Использовал я этот час своеобразно. В знак протеста против такого постыдного поступка и нежелания сознаться я решил сходить в Пенаты один. Однако радости от посещения этого желанного места не получил. И настроение паршивое. И, к тому же музей был закрыт, внутрь войти было невозможно, осмотрел только снаружи.
Когда вернулся, подвески уже были на месте. Я не знаю, был ли без меня какой серьёзный разговор среди моих юных спутников. Тем не менее, ученик из моего класса, сознался в своём грехе. А для такого признания ему нужно было переломить себя. Парень в принципе не плохой, но со своеобразным, капризно-взрывным характером. Возможно, сказывались безотцовщина и слишком прямолинейные требования матери. Она не раз жаловалась мне, что не может совладать с ним. Воспитание без мужа было не эффективным. Надеялась, что в походах со мной его подростковый гонор поутихнет. Недавно, разыскивая по интернету своих спутников по школьным походам, я обнаружил, что этот А. (не хочу раскрывать его имени) зарегистрировал автомобиль, иномарку. Значит, с ним всё в порядке…
Вот такая клякса заключила моё последнее дальнее путешествие со школьниками…

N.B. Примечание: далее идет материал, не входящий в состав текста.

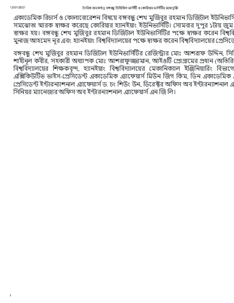 দৈনিক জনকন্ঠ __ বঙ্গবন্ধু ডিজিটাল ভার্সিটি ও কোরিয়ান ভার্সিটির মধ্যে চুক্তি

Однако горькую пилюлю этого происшествия перекрыл неожиданный подарок от этой моей последней в школе тургруппы. Это была магнитофонная запись их встречи в домашней обстановке. Поездка на них произвела такое сильное впечатление, что им захотелось встретиться и обменяться воспоминаниями. Более всего, как я понял, им врезались в память даже не виды Ленинграда и его окрестностей, не природные особенности региона, а трудности перехода, преодоление, когда иссякали силы и когда проявилась взаимная поддержка. Они выплёскивали накопившиеся эмоции бессистемно, вспоминая самые яркие, приятные и неприятные эпизоды. Опустошив себя, напевали песни, просто молчали… К сожалению, очень дорогой для меня подарок так и остался на магнитной ленте, не был оцифрован, и воспроизвести эту встречу, это признание в дружбе, в полезности таких путешествий уже стало невозможно. Не выдержал испытание временем материал магнитофонной ленты, а в памяти это сохранилось. По крайней мере, у меня…
Директор школы в двадцать восемь лет? Судьба и райком избавили…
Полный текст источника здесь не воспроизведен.